Though parting with such sartorial treasures may not be easy, the exceptional personal care we put into ensuring that they will go on to live a second (or, sometimes even, a third, fourth, or fifth) life offers a thrill — one rivaled only by that of the besotted shopper who adds them to her wardrobe.

But don’t just take it from us. Here, in the Seller Series, our consignors — from industry titans to world-class collectors — open up their archives, revealing the items they gave up (and those perhaps they never will), and, ultimately, why they’ve chosen to place their inestimable trust in Re-SEE.”

 

“I think that the more one buys, the less clear things are,” says the French jeweler Gaia Repossi.
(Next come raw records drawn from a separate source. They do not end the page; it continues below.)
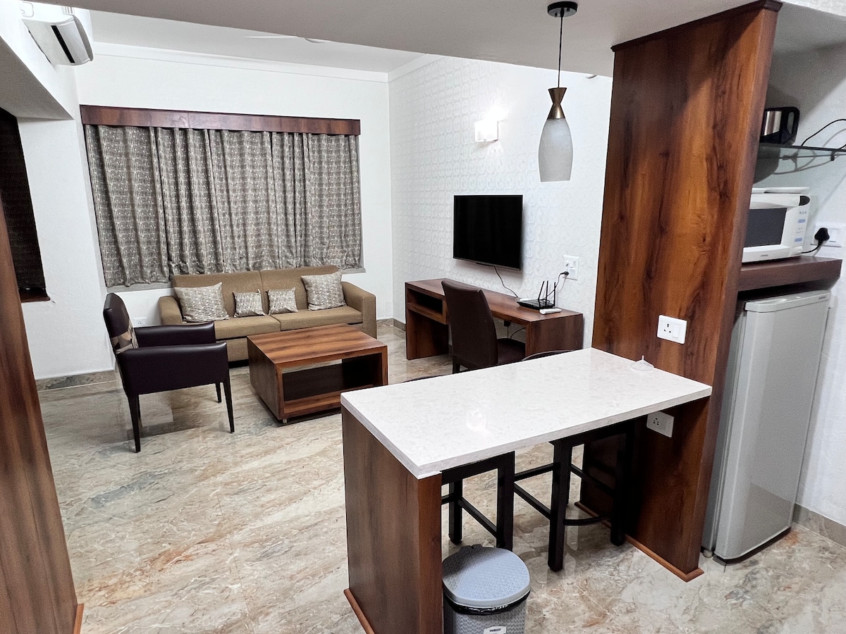 Welcome to our modern 3BHK retreat, perfect for families, friends, or business travelers. Each bedroom is air-conditioned for comfort, while the living area offers a 55” Smart TV, soundbar, and a PS5 with plenty of games. Cook with ease in the fully equipped kitchen, enjoy the convenience of a washing machine, and stay stress-free with reliable power backup. Step out onto the to relax at the private terrace patio — a perfect spot for morning coffee or stargazing at night.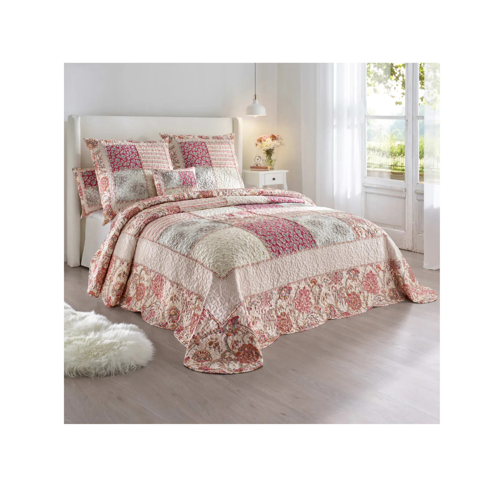 Покрывало спереди выполнено в технике лоскутного шитья, с пришитыми рюшами. Возвращение к высококачественной цифровой печати. По всей поверхности красивая декоративная стежка. Одеяло на легкой подкладке, с закругленным краем. Чехол на подушку со потайной молнией. 100% полиэстер. Машинная стирка до 30°С.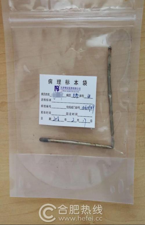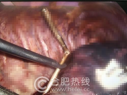 术中取出的金属针竟有18cm长,外面包了一层塑料,而整个手术切口却仅为3个1.5cm长的微孔,医生边将针折弯边小心翼翼地取出,术中出血仅10ml!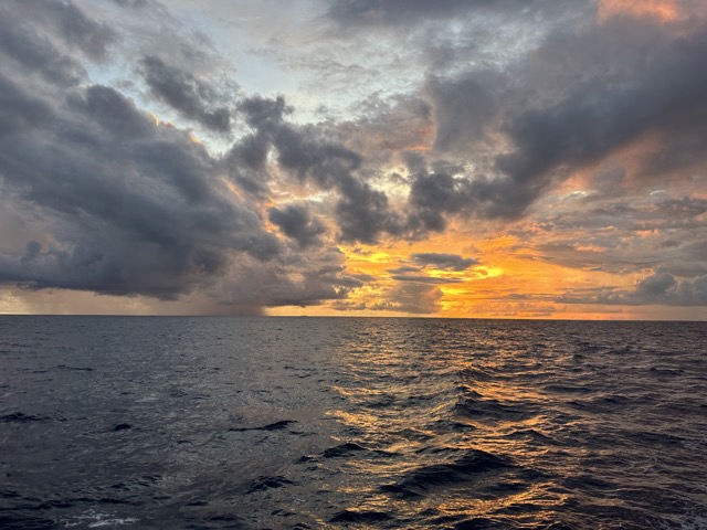 We are two weeks into this passage now, and at our current speed, it’s looking like we have about a week to go! Morale is fairly high onboard after our equator crossing shenanigans yesterday and mini 4th of July celebration featuring Justin’s delicious apple pie. The apple pie was a little bittersweet to eat as it officially marks the end of our fresh fruit rations onboard. I think we still have a couple of limes left, but it’s slim pickings, and I am sure we’re all dreaming about the fresh fruit and vegetables that are hopefully awaiting us in Palau.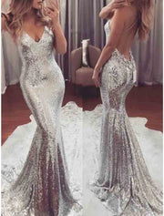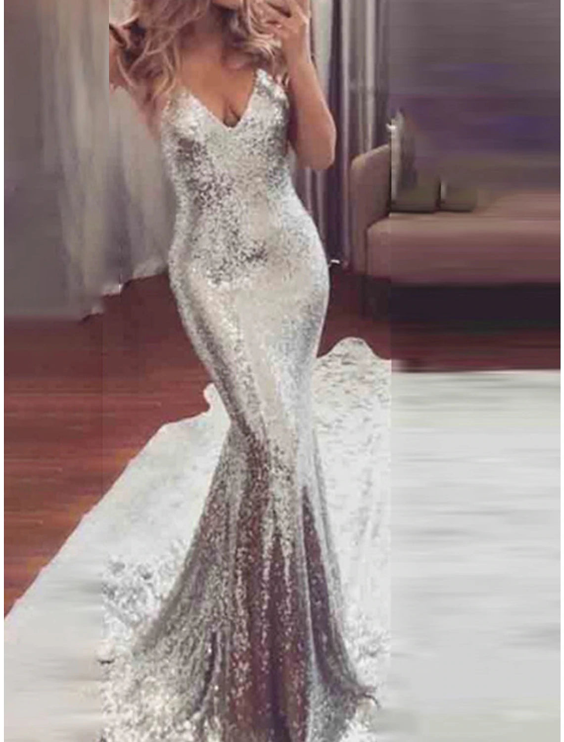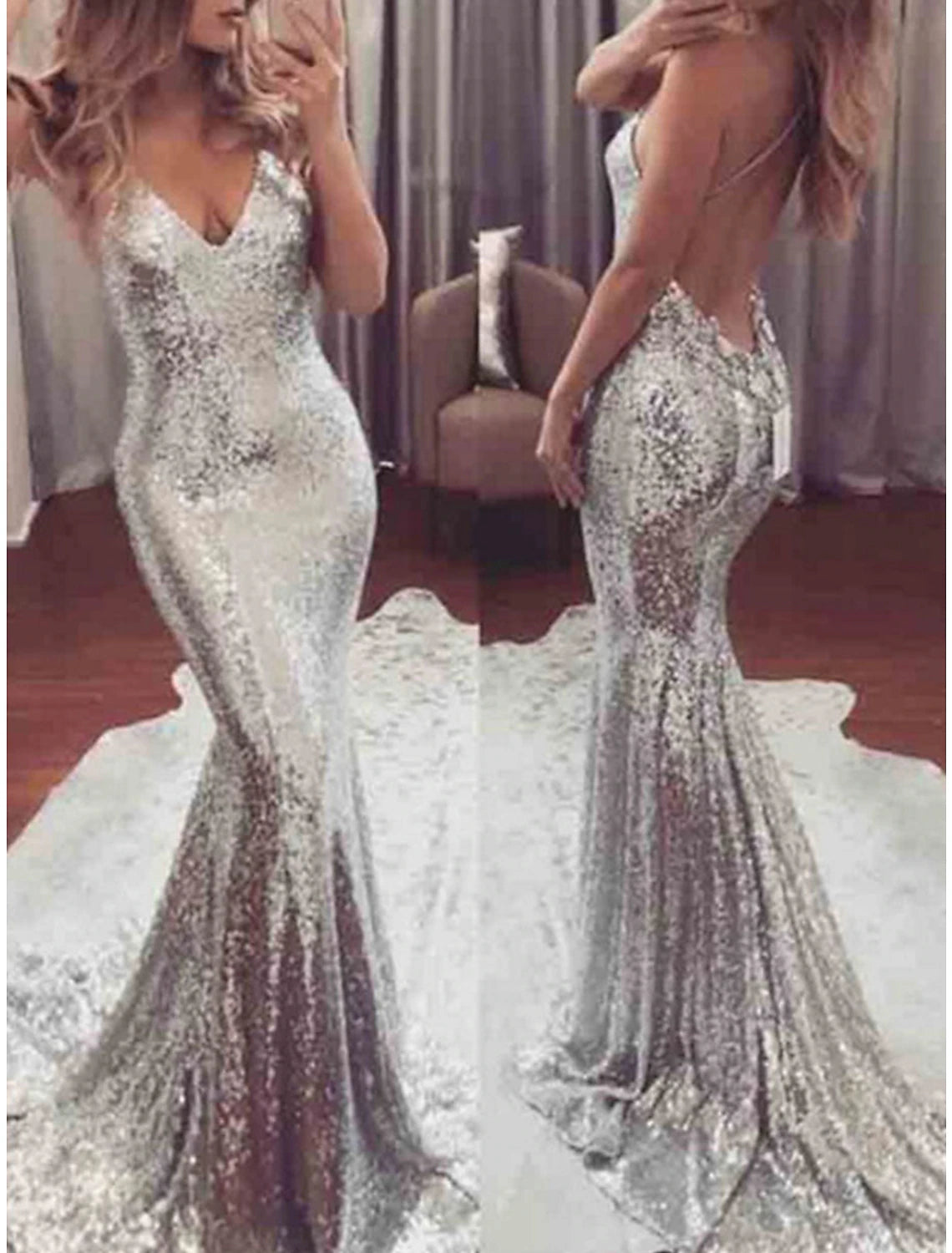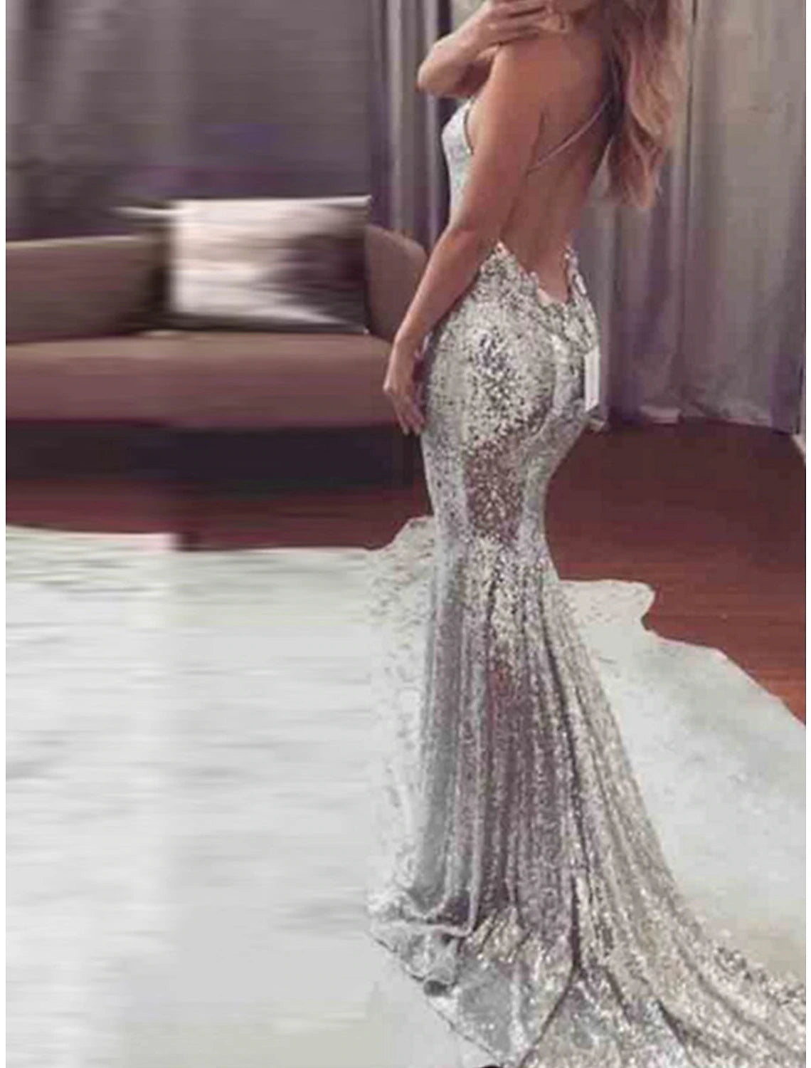 Weitese Women's Silver Sequin Dress Prom Dress Party Dress Sparkly Dress Long Dress Maxi Dress Silver Sleeveless Spring Fall Winter Spaghetti Strap Fashion Evening Party - US 2 / UK 6 / EU 32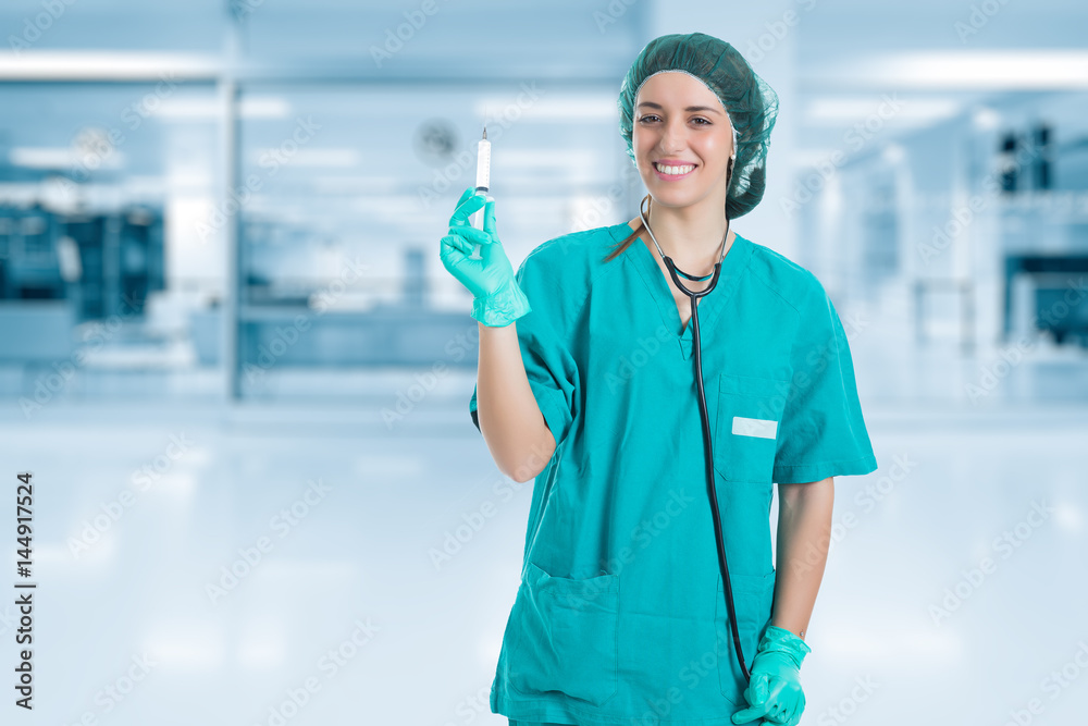 Young nurse with stethoscope standing and looking syringe in hand. Concept medical and Healty.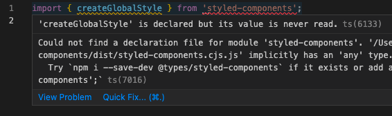 npm i --save-dev @types/styled-components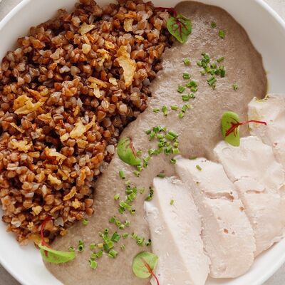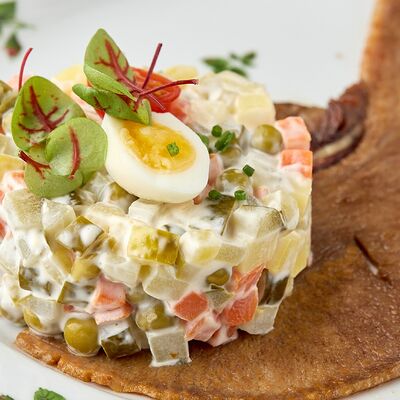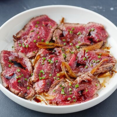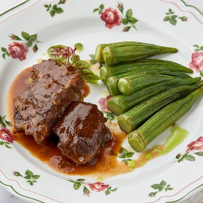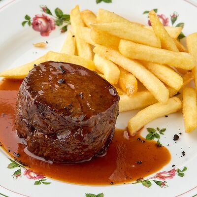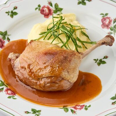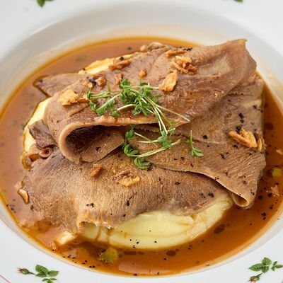 Фирменное блюдо нашего шефа, нежный телячий язык подаём в мясном соусе демигласс и воздушным картофельным пюре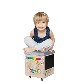 Drewniany taboret Montessori z elementami manipulacyjnymi i schowkiem. .. więcej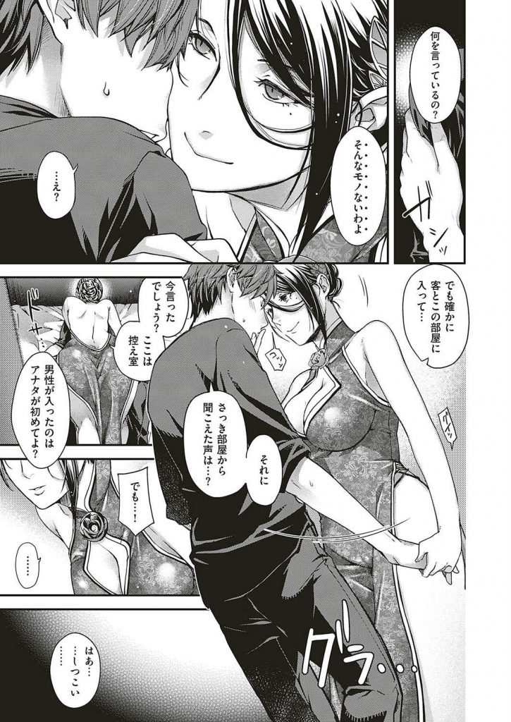 - >【エロ漫画】妖艶な色気でバーの常連客を惑わし特別室に連れ込む魔性のママが入って来た息子の童貞を奪いセックスを吟味する!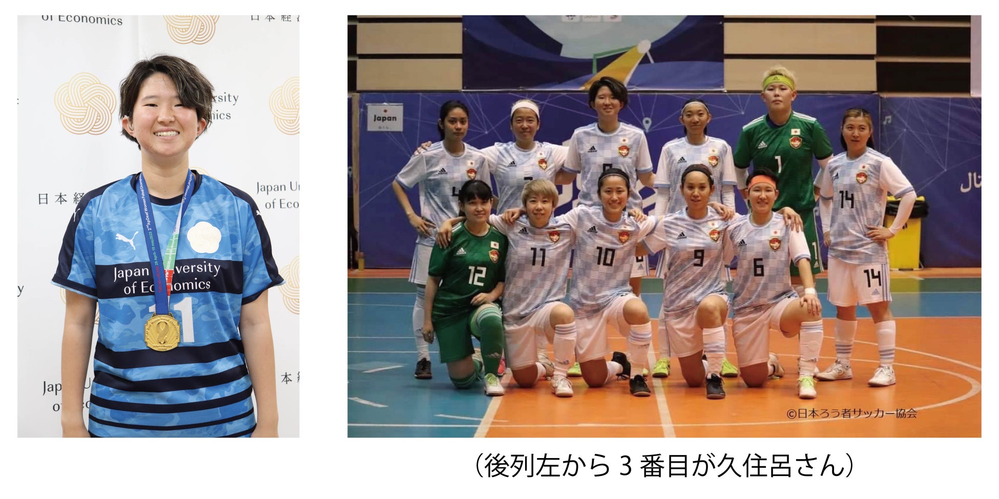 聴覚に障がいがある久住呂さんは、3歳からサッカーを始め、東京の成立学園高校サッカー部に所属し、2022年のデフリンピックではデフサッカー女子日本代表として出場しています。今春本学に入学し、女子サッカー部に入部しました。久住呂さんは、今月イランで行われたアジア太平洋ろう者フットサル選手権大会に日本代表として出場し、チームは4戦全勝で完全優勝。その結果11月にブラジルで行われるデフフットサルワールドカップ2023、来年開催される冬季デフリンピックの出場権を獲得しました。久住呂さん自身も4試合に出場し計5点を決めるなど活躍しました。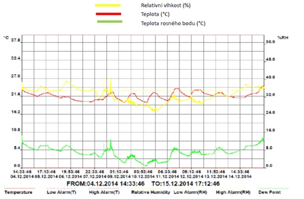 Výstup z jednoho z dataloggerů umístěných v prodejně zobrazuje průběh teploty a vlhkosti po dobu měření
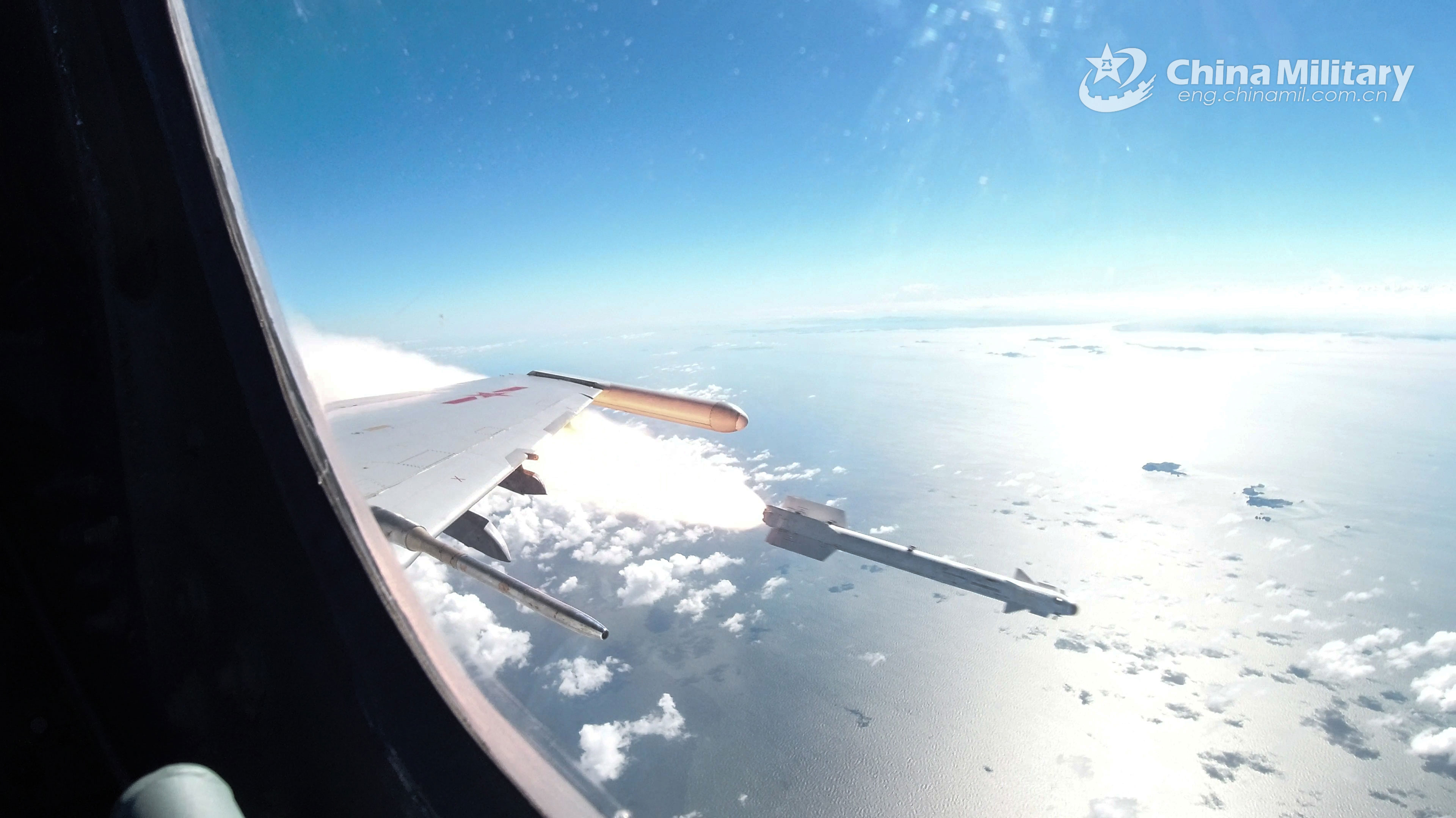 A fighter jet attached to an aviation brigade under the PLA Navy fires a missile during a round-the-clock live-fire training exercise in late August, 2021. (eng.chinamil.com.cn/Photo by Tian Jianmin)

Such aesthetic purity — which has been shaped by her many trips to Japan — is seen in everything she touches, from the Repossi house’s immaculately clean-lined bijoux and boutiques to her own Parisian apartment, complete with what she calls an “extremely simple” Standing Writing Desk by Donald Judd.

Naturally, she approaches her wardrobe — at once uncomplicated and unexpected — with equal rigor, while still allowing herself the freedom to evolve stylistically. As for how she makes space for the new, be it an Anthony Vaccarello catsuit or a mesh ensemble from recent Central Saint Martins graduate Louisa Ballou? A scrupulous twice-a-year closet cleanse, the contents of which — vintage couture Saint Laurent chief among them — she often consigns with Re-SEE. On separating from such sartorial treasures, she admits, “It is easy. I’m very detached.”

 

Why do you consign?

It’s important to me to have a very minimal amount of things around me, whether that’s in my office or my apartment. I have a huge library, but it’s very curated; it’s very correct. I still have a lot of clothes, as well as objects, but I go through different phases in my life and there are very few pieces that stay. That’s the way it should be. I just like to have this rigor in my way of living — it’s difficult to express in clutter.

 

Does sustainability — and the circular nature of consigning — appeal to you?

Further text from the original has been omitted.